Versiones principales y secundarias

Se crean versiones principales y secundarias de forma periódica para incorporar una o más de las siguientes opciones:

  • Lanzamientos de:
    • Sistema operativo
    • Marcos de trabajo de aprendizaje automático compatibles
  • Cambios o actualizaciones de las funciones de AI Platform Prediction

Una versión principal nueva puede incluir cambios rotundos que requieran actualizaciones del código escrito para las versiones anteriores. Una versión secundaria nueva no debería incluir cambios rotundos y debería ser compatible con todas las variaciones de la misma versión principal.

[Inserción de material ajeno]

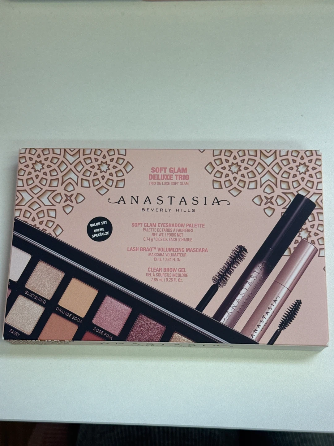 Anastasia Beverly Hills Soft Glam Deluxe Trio ALL FULL SIZED PRODUCTS ALL BRAND NEW Cash only Includes: - Soft Glam Eyeshadow Palette - Lash Brag Volumizing Mascara - Clear Brow Gel Total Value = $148.4 (tax incl.)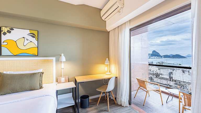 Das Hotel liegt etwa einen Häuserblock vom berühmten Sandstrand Copacabana entfernt, in der Umgebung finden sich Supermärkte und Geschäfte. Der internationale Flughafen ist ca. 40 Minuten, der Flughafen Santos Dumont rund 20 Minuten entfernt. Entfernungen: Flughafen ca. 12 km, Strand ca. 100 m, Stadtzentrum ca. 12 km, Bahnhof ca. 13 km.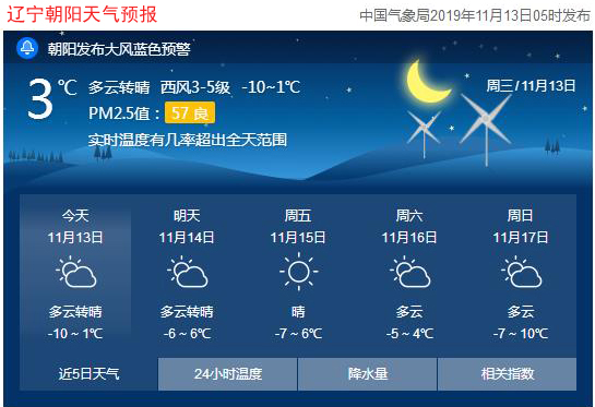 今天是2019年11月13日,星期三,農(nóng)歷十月十七。遼寧朝陽多云轉(zhuǎn)晴,氣溫-10~1℃,北風(fēng)5~6級,空氣質(zhì)量良好。日出時間:06:42;日落時間:16:41。(中國氣象局2019年11月13日05時發(fā)布。)請隨時關(guān)注天氣變化。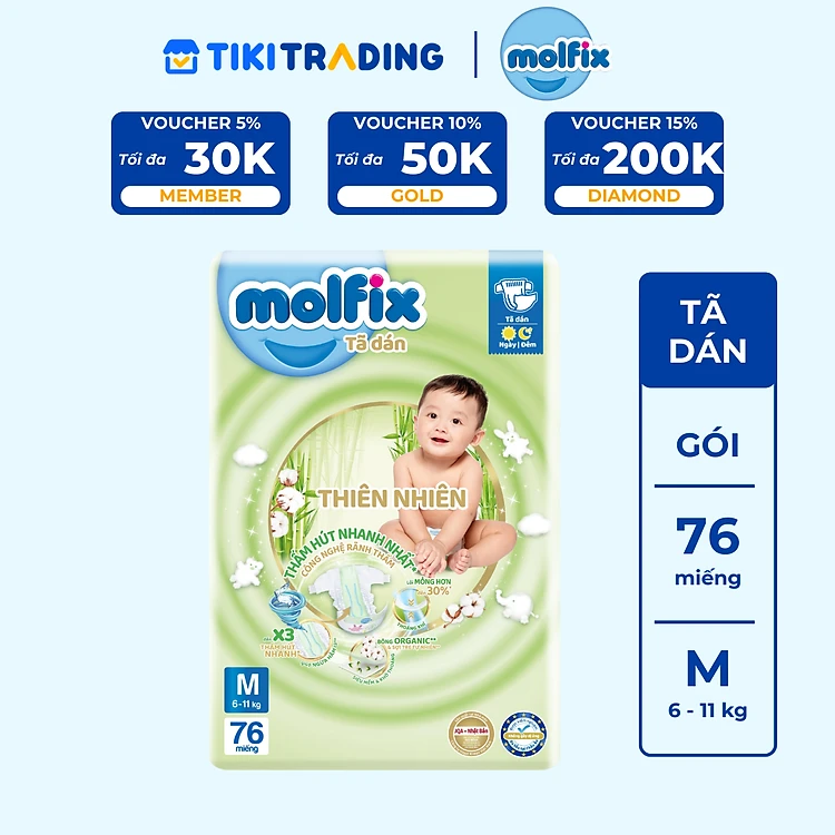 Tã/bỉm dán Molfix Thiên nhiên Super Jumbo M (6kg - 11kg) - Gói 76 miếng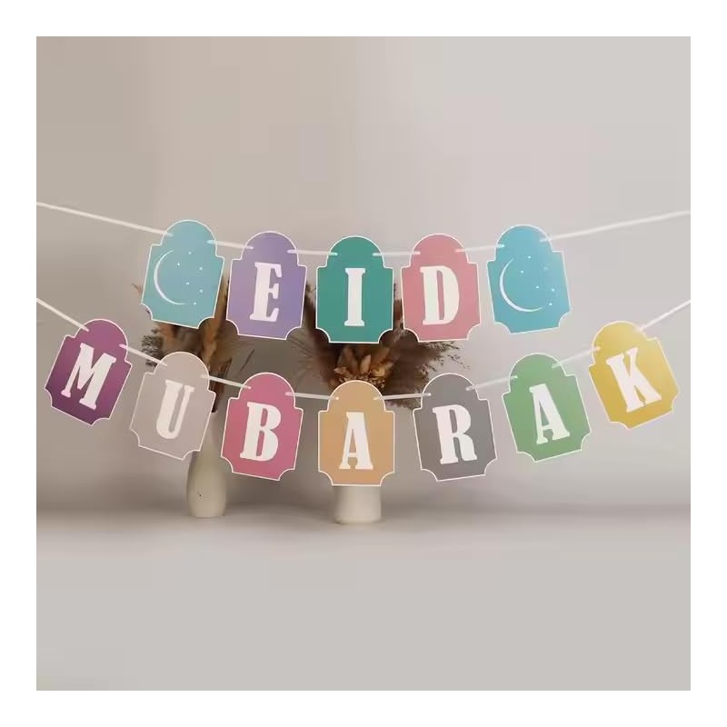 Pastel Eid Mubarak Bunting Decorations -Banner, Flags Hanging Decor for Home Domes Lanterns Moon

Cómo seleccionar versiones del entorno de ejecución

Asegúrate de seleccionar la versión del entorno de ejecución que admita las últimas versiones de tu framework de aprendizaje automático y otros paquetes que uses.

La versión más antigua del entorno de ejecución de AI Platform Prediction que proporciona compatibilidad con scikit-learn y XGBoost es la versión 1.4.

Puedes ver los detalles de cada versión en la lista de versiones de AI Platform Prediction.

Versiones del entorno de ejecución para la predicción en línea

Cuando creas una versión del modelo, asegúrate de especificar la versión del entorno de ejecución que deseas usar para las solicitudes de predicción en línea. Si la versión del entorno de ejecución predeterminada de la versión de tu modelo no es correcta, crea una versión del modelo nueva con la versión del entorno de ejecución correcta.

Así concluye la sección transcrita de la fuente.